Loss 3 is answered by session-grain state riding the same two levers: an owner lock per checkout (guests' branch switches and edits are denied, routed to a worktree) plus a per-session repo binding (one session's fallback never resolves to another session's repo) — see Aggregate-workspace & multi-session as first-class below.
What to hard-block vs. soft-hint — the rule: no legal edit case → hard-block; a legal exception exists → soft-hint. Your current branch is always in one of four states:
| State | Meaning | Handling |
|---|---|---|
| protected | main / master / release* | hard-block commit/push |
| healthy | normal feature branch, in progress | allow |
| in-flight | PR/MR opened, awaiting human merge | soft-hint (inject one IN-FLIGHT line) |
| inactive | PR/MR merged / closed | hard-block Edit/Write |
protected and inactive hard-block cleanly — editing there has no legitimate reason. in-flight only hints, because there's a legal exception (you might be amending your own PR/MR) the machine can't reliably tell from new work, so it feeds the fact to the agent and lets it choose.
Structural guarantees, not just hints — a new branch's base is decided by intent, not by where HEAD happens to sit: opening new work (--branch) always cuts from origin/<target>, and a freshly cut branch is asserted to carry only this run's commits before push/PR. So even if the agent ignores the IN-FLIGHT hint, forking off an in-flight branch can't smuggle its commits into the new PR.
Aggregate-workspace & multi-session as first-class — a workspace root holds many independent git subprojects (often symlinked).
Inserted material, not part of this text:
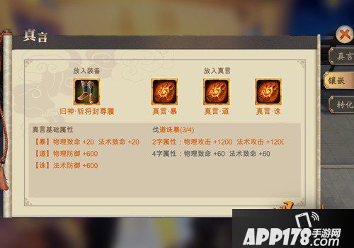 由于真言所蕴含的仙力过于强盛,因此每件装备都有其所能承受真言的极限,蓝色、紫色及橙色的装备只可镶嵌一颗真言石,道圣级别可镶嵌两颗真言石,而归神级别的装备则可在其上镶嵌三颗真言石。真言石在镶嵌之后,也可以在镶嵌界面点击真言,通过弹出的tips点击摘取将装备上的真言石取出。当拥有重复的真言石时,可通过消耗一颗同品级的真言石进行真言转化,然后随机获得一颗同句内的任意真言。

Scripts never trust shell cwd (they resolve the repo by explicit --repo → cwd's repo → this session's last-active repo; with no binding of its own a session is asked for an explicit --repo rather than guessing from another session's activity), and an owner lock keeps two concurrent sessions from mixing changes into one working tree. Plain single-repo mode is fully supported too — auto-detected, no manual switch.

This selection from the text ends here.